147c Using Atomic Properties to Identify Potential Reactants in Oxidoreductase Reactions

Fangping Mu1, Pat J. Unkefer2, Clifford J. Unkefer2, and William S. Hlavacek1. (1) Theoretical Biology and Biophysics Group, Theoretical Division, Los Alamos National Laboratory, T-10, MS710, Los Alamos, NM 87544, (2) National Stable Isotope Resource, Bioscience Division, Los Alamos National Laboratory, Los Alamos, NM 87544

Motivation: Metabolism is the biochemical modification of chemical compounds in living organisms and cells. Our knowledge of secondary metabolism of endogenous chemicals is far from complete. The gaps in our knowledge are being revealed and filled to some extent through methods of high-throughput metabolite profiling. Using sensitive LC/MS techniques, we are identifying compounds not previously known to exist in living cells. Thus, we are interested in using computational methods to identify the activities of these new metabolites and their participation in biochemical pathways. One challenge is to predict whether a compound is a potential substrate or product of a given type of enzymatic reaction. We have developed a framework to address this challenge through a supervised learning technique. In this talk, we will present this framework and results for oxidoreductase reactions.

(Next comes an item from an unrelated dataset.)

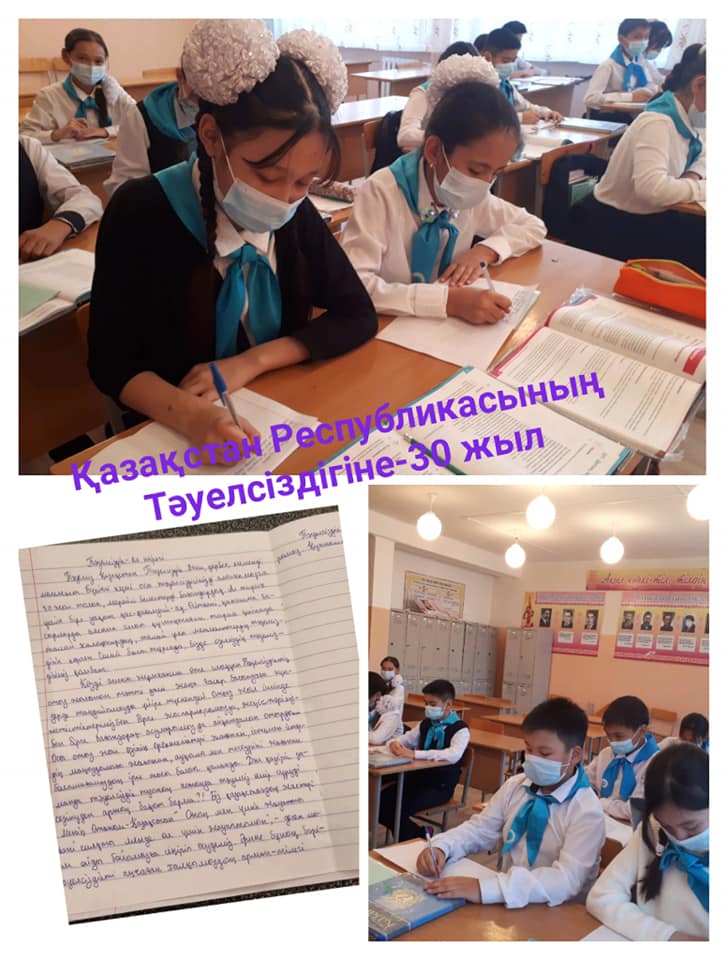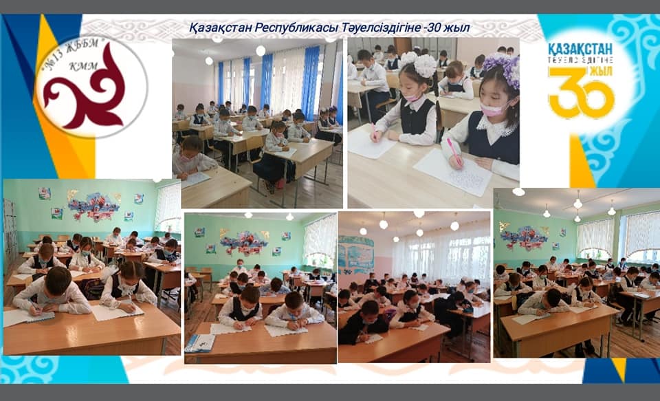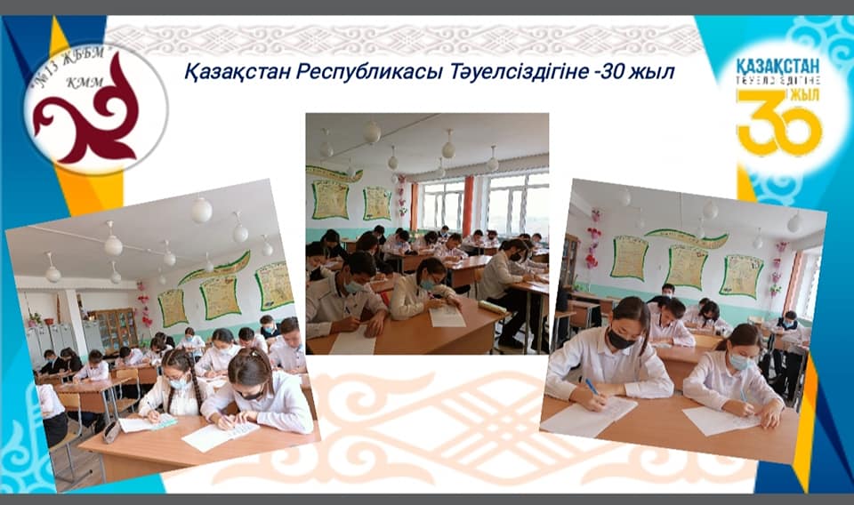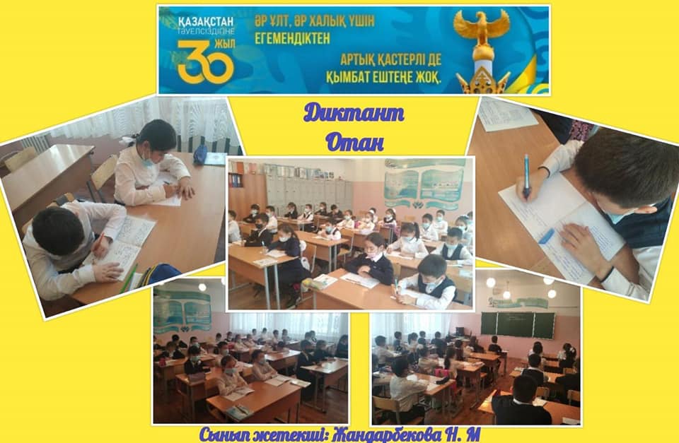 Қазақстан Республикасы Тәуелсіздігінің 30 жылдығына орай білім алушылардың мемлекеттік тілде жазу мәдениетін дамыту, сауаттылығын қалыптастыру, мәтін мазмұны арқылы ұлттық құндылықтарды білім алушылардың бойына сіңіре отырып, патриоттық тәрбие беру мақсатында 2-11 сыныптарда диктант алынды. Диктант мәтіні әрбір сыныптың жас ерекшелігіне сай жүргізілді. Найзаның ұшымен, білектің күшімен келген егемендігіміздің еңсесі биік, тұғыры жоғары болатынын жас ұрпақтың бойына сіңіре білу. Әрбір мәтін мазмұны туған жерге деген зор құрметті, аса үлкен жауапкершілікті паш еткендей! Егемендігіміз еңселі, Тәуелсіздігіміз тұғырлы болғай!

Results: We examined 1956 oxidoreductase reactions in the KEGG database. The vast majority of these reactions (1626) can be divided into twelve subclasses, each of which involves a particular type of chemical transformation. Examples of transformations include dehydrogenation of alcohols and hemi-acetals, oxidation of adlehyde or oxo groups to acids, dehydrogenation of CH-CH groups introducing double bonds, etc. For a given transformation, the local structures of reaction centers in substrates and products are characterized by a few simple patterns. These patterns are not unique to reactants but are widely distributed among KEGG metabolites. To distinguish reactants from non-reactants, we trained classifiers (linear kernel support vector machines) using negative and positive samples containing common patterns. The input to a classifier is a set of seven semi-empirical atomic features that can be determined from the 2D chemical structure of a compound, such as Gasteiger-Marsili partial charges. The accuracy of prediction for positives (negatives) is 64 to 93% (44 to 92%) when asking if a compound is a substrate and 71 to 98% (50 to 92%) when asking if a compound is a product. Sensitivity analysis reveals that this performance is robust to variations of the training data. Thus, metabolic connectivity can be predicted with reasonable accuracy from the presence or absence of local structural motifs in compounds and their readily calculated atomic features.